Nel 2002, all’interno di un importante progetto
finanziato dalla Regione, prende piede l’idea di organizzare dei
laboratori in Alpago che offrano ai ragazzi l’opportunità di cimentarsi
in alcune discipline artistiche a cui non sempre si ha il tempo, la
possibilità e a volte il coraggio di dedicarsi. Si decide dunque di dare
spazio e forma a tre attività diverse ma complementari fra loro: il
cinema, il teatro e la musica.
Il laboratorio di musica parte affrontando,
attraverso delle lezioni teoriche e pratiche, il tema delle
"contaminazioni musicali", cioè della fusione tra più generi
provenienti da differenti paesi, per andare alla scoperta delle nostre
tradizioni musicali e confrontarsi con ritmi e sonorità diverse come
quella balcanica, africana o brasiliana. L’idea interessa e coinvolge
numerosi ragazzi, chi più chi meno esperto di musica, e in poco tempo si
crea un forte e inaspettato spirito di gruppo, che sarà poi lo stimolo
fondamentale per decidere di proseguire questo esperimento negli anni
successivi.
Dunque per 3 anni consecutivi, seguiti da Ermanno
Fagherazzi per la parte strumentale e da Jessica Da Re per quella
vocale\corale, gli Aristonati si sono impegnati e misurati
in performance musicali sempre nuove, cambiando a volte la formazione e il
numero dei componenti, ma rimanendo fedeli agli obiettivi prefissati. I
ragazzi hanno realizzato due interessanti spettacoli musicali che sono
stati proposti durante l’estate nelle piazze e nei paesini dell’Alpago
ma non solo; si sono cimentati nei generi più diversi, spaziando tra il
rock, il blues, il pop, il jazz, e hanno messo alla prova le loro doti
musicali e canore, continuando a crescere e a migliorare in questo
percorso a volte faticoso ma divertente e gratificante per chi ama la
musica e ha il piacere di condividere con gli altri questa passione.
Insomma gli Aristonati
si rinnovano, cambiano alcune facce e le canzoni, ma rimane intatto l’entusiasmo
con cui ha preso il via questa avventura, alimentato dall’amore per la
musica, che ha sempre il magico potere di emozionare e di unire le persone.
Nell'ultimo periodo, al posto degli Aristonati, e grazie alla collaborazione con il maestro Massimo Ferrigutti dell'associazione FormArte, la compagnia teatrale "Gli ultimi" che ha portato in Provincia di Belluno, in Veneto e in Italia lo spettacolo musicale "Aspettando Domani":
Il messaggio di questa storia ha un valore universale e può
coinvolgere tutti, ma diretti destinatari sono i giovani, tutti i giovani.

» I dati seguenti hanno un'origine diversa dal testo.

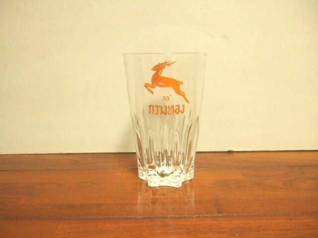 タイからの仕入れ品です。 ただのグラスなんですが、 面白いのはその柄にあります。 柄は、タイ文字でกวางทอง(クワーングトーン) と書いてあります。 聞くところによると、タイのお酒だそうで、 よく見ると上に35℃という文字も見えます。 だいぶ強めのお酒ということで。 お酒とは知らず、 この鹿の柄に惹かれての仕入れです。 鹿柄はタイでは珍しいのかもしれませんね。 大きさ 高さ12cm 上部の径7.5cm 下部は5cm幅 重さ約240g お使いのモニターにより、 色の見え方が異なる場合もございます。 ご了承の上、ご注文お願いします。 当店では、お客様都合による返品は致しかねます。 ★注意事項 こちらの商品は、タイの現地では調理のための道具や食器として使用されてますが、 日本では食器として販売するための検査を通しておりません。 従いまして、雑貨・装飾品としての販売となります。予めご了承をお願い致します。
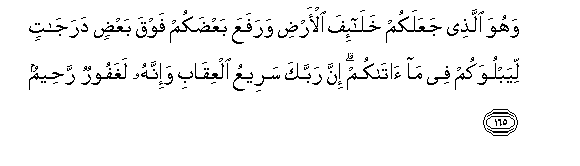165. Wahuwa allathee jaAAalakum khala-ifa al-ardi warafaAAa baAAdakum fawqa baAAdin darajatin liyabluwakum fee ma atakum inna rabbaka sareeAAu alAAiqabi wa-innahu laghafoorun raheemun
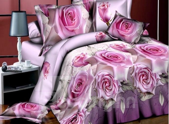 Noble Pink Rose 3D Printed 4-Piece Polyester Duvet Cover
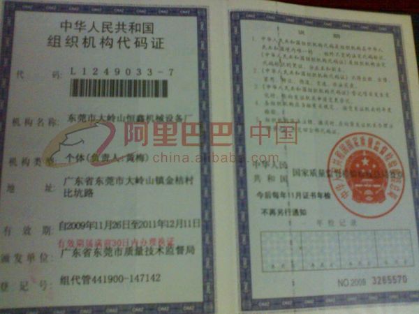 | 持证单位: 东莞市大岭山恒鑫机床设备厂 |
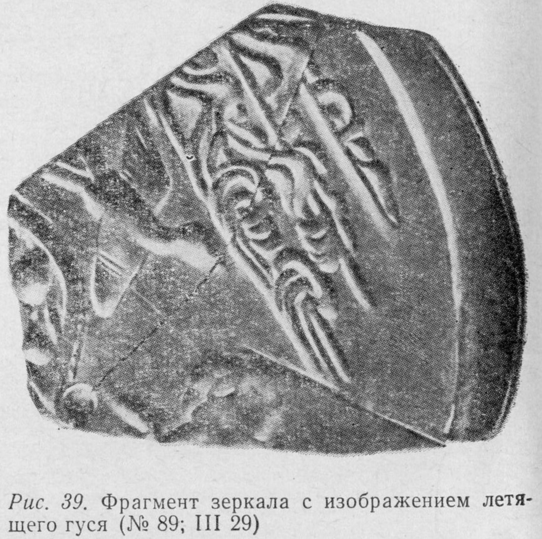 89 (III 29) ^ Фрагмент зеркала Минусинский музей, №5148 (рис. 39) Фрагмент круглого зеркала с сохранившимся изображением летящего гуся среди стилизованных облаков и цветка. В углу фрагмента отверстие. Белый металл. Период Тан (VIII-IX вв.). Место находки: дер. Монок.
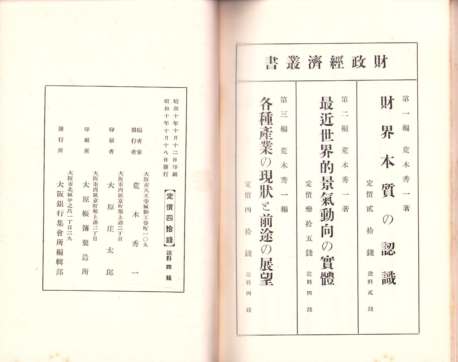 • 出版社 大阪銀行集会所編輯部(大阪市)
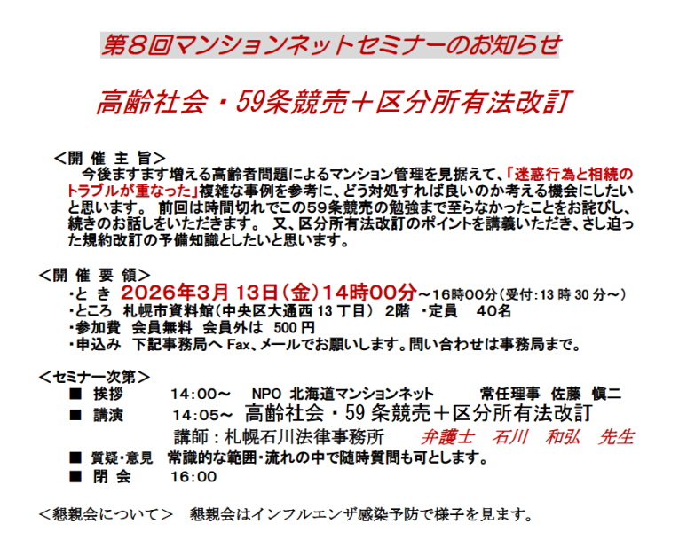 ご注意: 事前に「NPO事務局」へ価格確認をお願いします。 |
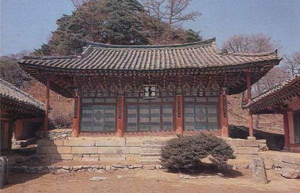 두공의 이러한 구조와 함께 건물내부 뒷면의 일부 액방(창방)과 탱화가 걸린 은폐된 부분에 남아 있는 단청은 조선시대 초기 건물로서의 특색을 뚜렷이 보여 준다. 처마는 길게(2.5m) 내뽑고 추녀에는 받침기둥(활주)을 세웠다. 건물의 정면은 화려한 꽃살문 대신 기둥 위에 문인방을 건너지르고, 아래에는 세살문을, 위에는 방형의 격자살로 된 뙤창을 설치하였는데 후기의 것으로 보인다.
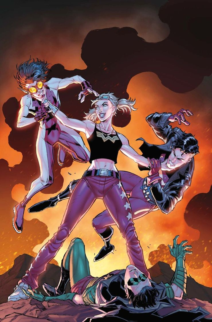 El equipo de Young Justice estaba formado originalmente por Tim Drake (Robin), Conner Kent (Superboy) y Bart Allen (Impulse), y Cassie Sandmark (Wonder Girl) también se unió rápidamente a sus filas. Desde entonces, el equipo ha estado en innumerables aventuras juntos y soportado un inmenso trauma, dolor y amor, con DC demostrando que no importa lo que le suceda al universo, estos jóvenes héroes siempre terminan juntos de nuevo. La próxima crisis oscura evento gira directamente fuera de la muerte de la liga de la justicia que ve a los principales jugadores de la Liga de la Justicia aparentemente asesinados, incluidos Superman, Batman, Flash y Wonder Woman, los mentores y la familia del equipo central de Young Justice.

La diversa inclinazione caratteriale dei personaggi crea uno spettro
completo di possibilità, in cui ognuno può trovare uno specchio in cui
identificarsi. Il finale conferma la reale possibilità di ciascuno di
trovare un dialogo concreto con tutti, oltre che un partner compatibile e
positivo. Se da una parte dunque prevale l’esigenza individualistica di
realizzare sé, le proprie aspettative sociali e sentimentali, il proprio
ruolo in un gruppo di amicizia, dall’altra si respira la tematica di
fondo: il divario apparentemente insuperabile tra i figli di operai
bellunesi che devono cavarsela con sforzi di volontà e impegno propri, e
la classe dei ricchi, per i quali la vita universitaria è agevole e
spensierata. Il mondo degli adulti resta lontano, più statico e
predeterminato, ma tra i giovani c’è tanta energia, tanta potenzialità, e
la storia vuole essere uno slogan: questa stessa energia può essere usata
per abbattere le barriere razziali e di pregiudizio. La risorsa e la
speranza di un mondo migliore può fondarsi solamente nei giovani
protagonisti di questa storia, nei giovani che li circondano e anche nei
giovani che vivono nel teatro reale del mondo.
Compagnia “Gli Ultimi”. Costituitasi nel 2007, e portata avanti da FormArte e dalla Consulta Giovani Alpago, in collaborazione con varie associazioni di volontariato delle zone interessate, fonda le sue radici da un’attenta analisi del fenomeno del disagio giovanile presente nella società in generale e in modo particolare nella provincia di Belluno. Da tale contesto nasce il desiderio di intervenire, mettendo a frutto le forze e le energie presenti sul territorio, le esperienze fin qui prodotte nei campi della musica, del teatro e della danza. La compagnia è formata da ragazzi e ragazze dai 14 ai 24 anni, provenienti dall’Alpago, Ponte nelle Alpi, Longarone e Belluno.